I will begin by asking you as a group if you can keep a secret?   Once spoken, it is typical that a secret ceases to be a secret as each recipient of the secret feels they  “must” share it with one best friend or confidant, somehow they feel compelled to whisper your secret to at least one other.  And so practically,  anything you share with another probably will grow legs and take on a mind of it’s own.   

There are many reasons secrets must be kept secret but what kind of feelings do secretes evoke?  

If you are planning a surprise birthday party or other pleasant surprise, then the secret is just to keep the information under raps until the big moment and then the feelings may be happiness or excitement.

But it has been my experience that the main reason for hiding information is fear of disapproval or discovery.  Fear?  Actual fear?  Well at least in your own mind, you have convinced yourself that your friends or loved ones would never understand your actions or motives.

So after asking, “Can you keep a secret?”  I will tell you mine!

I am known in my circle of friends and loved ones as a cold fish.  I am practical, analytical and boring.  I am unemotional to a fault and so this “thing” that happened to me was totally out of character.  So much so, I become embarrassed here and now, just thinking about it.  I rarely cry at weddings or funerals, but babies can sometimes create misty eyes.

Now I will tell you another story that is so full of emotion, it becomes the other extreme.   And I’ve kept it a secret not from fear but because of embarrassment.

Early in our married life,  having decided that I would stay home and raise our sons,  we became a one wage earner family so money was never plentiful,  we never wanted for anything but there were few extras.   And so it was that I frequented thrift stores in search of books.    

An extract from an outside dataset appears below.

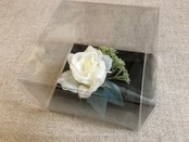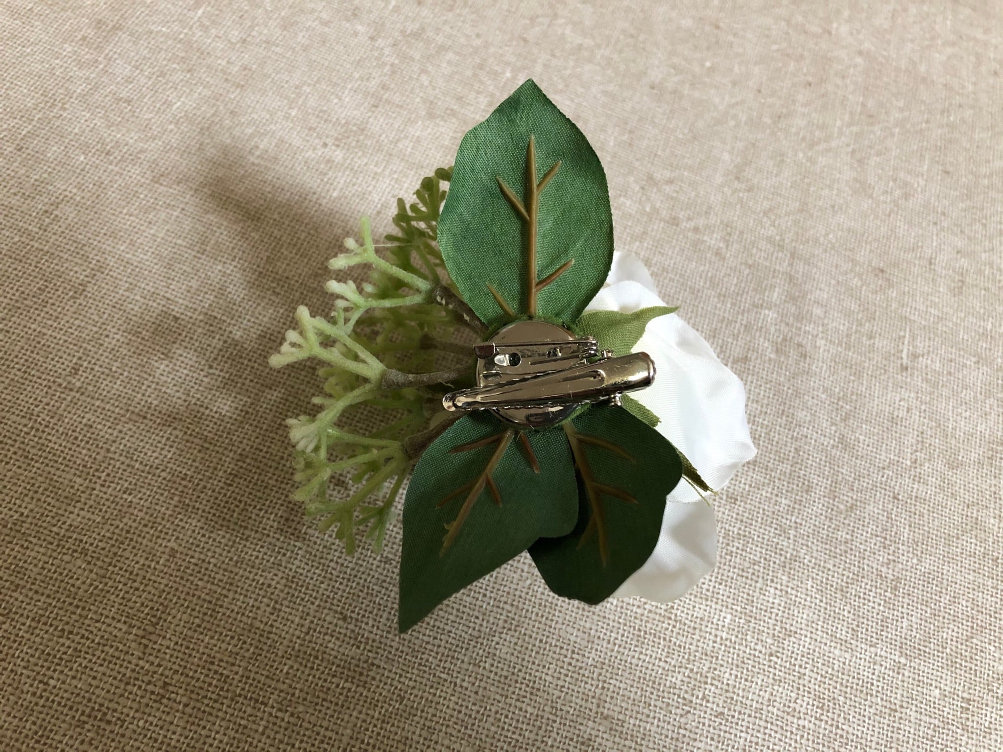 白いバラのアーティフィシャルフラワーのコサージュです。 卒業式や入学式の晴れの日に。 発表会の髪飾りとしてもお使い頂けます。 ケース入り。 サイズ約9cm

I loved reading historical fiction mainly,  a good story based mostly on facts, not the typical romance novels most of my friends read.  To me romance novels were cookie cutter,  the same premise over and over, he was handsome and she was beautiful, and one was rich and the other poor but in the end, yep,  the walk, ride or run off into the sunset.  So this being said, you should quickly see why I kept this book as a secret.

On this day,  while browsing the paperbacks,  I came across this thin book,  bound in ivory leather with the look of something very special.   Opening it carefully, as it had a feel of age to it, I saw it was a love poem.   Slipped in among the gilt edged pages was the original gift card.   

“In this little booklet,

Each word and line,

Tells of my love for you,

Dear friend of mine!”

Lake Worth,  FL.       Dec.21, 1918

I stood there in the dusty gloomy shelves of the thrift store reading the poem and the card.  Tears flooded my eyes.   So touching,  so poignant,  two long forgotten people sharing a love through this tiny book.   The words so tender, so private,  telling of feelings never to be forgotten,  voices, sounds, memories.   Tears ran down my cheeks.   I then remembered where I was and tried to get myself together.  I reread it several times each time crying harder as I anticipated lines and imagined the lovers.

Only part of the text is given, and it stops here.